New Zealand had never won a Women’s World Cup match in 15 attempts prior to the 2023 tournament but now the co-hosts find themselves on the brink of the knockout stages when it takes on tournament debutant the Philippines on Tuesday.
Having stunned Norway 1-0 in the tournament opener, the Football Ferns can dare to dream having beaten the Asian side 20 rungs below it in the rankings in a friendly last year.
New Zealand has struggled to sell tickets for the showpiece event but 42,137 attended its historic win and midfielder Malia Steinmetz hopes its progress can inspire the next generation.
“It’s one of our main reasons why we’ve been trying to push so hard to play in the way that we do, just for the younger generation. We want to inspire the country,” she told reporters ahead of the game in Wellington.
Norway, meanwhile, will look to avoid a repeat of its group stage exit at the Euros last year when it takes on Switzerland, with coach Hege Riise saying attacking football is its best bet to bounce back.
“We have put ourselves in a difficult position. At the same time, this is a football game. We need to be aware that things can be turned around quickly,” Norwegian striker Ada Hegerberg said.

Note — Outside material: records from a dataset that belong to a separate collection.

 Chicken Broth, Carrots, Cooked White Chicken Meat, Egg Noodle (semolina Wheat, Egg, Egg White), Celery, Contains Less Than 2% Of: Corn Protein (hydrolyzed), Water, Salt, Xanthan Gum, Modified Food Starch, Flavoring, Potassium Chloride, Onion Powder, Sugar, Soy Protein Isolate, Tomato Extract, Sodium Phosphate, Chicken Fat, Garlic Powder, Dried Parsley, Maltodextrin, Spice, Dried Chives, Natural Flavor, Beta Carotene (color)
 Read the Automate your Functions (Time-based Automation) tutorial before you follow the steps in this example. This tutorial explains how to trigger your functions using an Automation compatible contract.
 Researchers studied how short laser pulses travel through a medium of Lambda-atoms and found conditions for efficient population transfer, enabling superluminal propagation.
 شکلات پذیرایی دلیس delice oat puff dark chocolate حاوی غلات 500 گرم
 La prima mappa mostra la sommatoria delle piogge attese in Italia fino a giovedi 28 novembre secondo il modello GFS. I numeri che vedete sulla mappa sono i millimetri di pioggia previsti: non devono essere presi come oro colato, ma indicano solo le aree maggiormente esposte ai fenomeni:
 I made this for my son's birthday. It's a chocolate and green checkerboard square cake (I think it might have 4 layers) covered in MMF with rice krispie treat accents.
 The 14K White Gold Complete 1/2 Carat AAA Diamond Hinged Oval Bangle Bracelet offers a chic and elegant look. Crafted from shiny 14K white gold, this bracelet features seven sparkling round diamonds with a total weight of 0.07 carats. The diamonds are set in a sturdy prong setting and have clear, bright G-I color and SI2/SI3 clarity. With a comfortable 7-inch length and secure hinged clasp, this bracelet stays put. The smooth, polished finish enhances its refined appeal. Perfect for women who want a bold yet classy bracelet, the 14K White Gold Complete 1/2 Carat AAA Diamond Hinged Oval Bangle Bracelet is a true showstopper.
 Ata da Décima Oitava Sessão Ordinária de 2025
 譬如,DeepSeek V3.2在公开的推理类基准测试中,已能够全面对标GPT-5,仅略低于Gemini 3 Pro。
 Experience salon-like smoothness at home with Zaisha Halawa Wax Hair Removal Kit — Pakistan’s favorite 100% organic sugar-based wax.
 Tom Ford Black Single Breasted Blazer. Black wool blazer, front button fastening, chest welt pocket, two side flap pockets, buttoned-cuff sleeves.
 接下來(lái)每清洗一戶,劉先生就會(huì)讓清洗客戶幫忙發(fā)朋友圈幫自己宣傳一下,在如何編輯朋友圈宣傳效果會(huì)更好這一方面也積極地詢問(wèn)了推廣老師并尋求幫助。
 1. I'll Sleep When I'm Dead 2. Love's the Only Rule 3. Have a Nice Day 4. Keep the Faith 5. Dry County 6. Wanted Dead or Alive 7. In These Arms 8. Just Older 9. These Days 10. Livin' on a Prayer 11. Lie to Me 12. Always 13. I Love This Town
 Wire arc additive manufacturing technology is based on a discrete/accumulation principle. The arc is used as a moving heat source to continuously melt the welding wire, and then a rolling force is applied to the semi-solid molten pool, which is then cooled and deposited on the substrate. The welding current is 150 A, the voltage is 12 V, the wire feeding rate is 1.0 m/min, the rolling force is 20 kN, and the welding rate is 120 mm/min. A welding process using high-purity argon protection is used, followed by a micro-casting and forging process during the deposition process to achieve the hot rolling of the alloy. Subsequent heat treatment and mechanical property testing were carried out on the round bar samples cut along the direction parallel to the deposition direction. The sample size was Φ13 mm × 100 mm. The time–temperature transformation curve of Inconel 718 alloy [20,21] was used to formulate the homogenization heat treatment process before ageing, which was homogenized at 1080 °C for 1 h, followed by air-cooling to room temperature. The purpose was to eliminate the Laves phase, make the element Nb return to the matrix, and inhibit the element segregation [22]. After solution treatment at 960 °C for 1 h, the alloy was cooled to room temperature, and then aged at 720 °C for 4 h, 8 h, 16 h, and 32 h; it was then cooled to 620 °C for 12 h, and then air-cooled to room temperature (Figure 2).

“I’ve been looking forward to this game coming quite quickly. I think that we can actually get into the rhythm to succeed by doing the simple things right - start there and then we build on it.”
But first, Colombia and South Korea will play the final game of the opening round of group matches. Their clash will be the 300th match in the history of the tournament.
All eyes will be on the starting lineups to see if Korea’s American-born teenager Casey Phair becomes the youngest player to take the field in the history of the World Cup -- 26 days after her 16th birthday.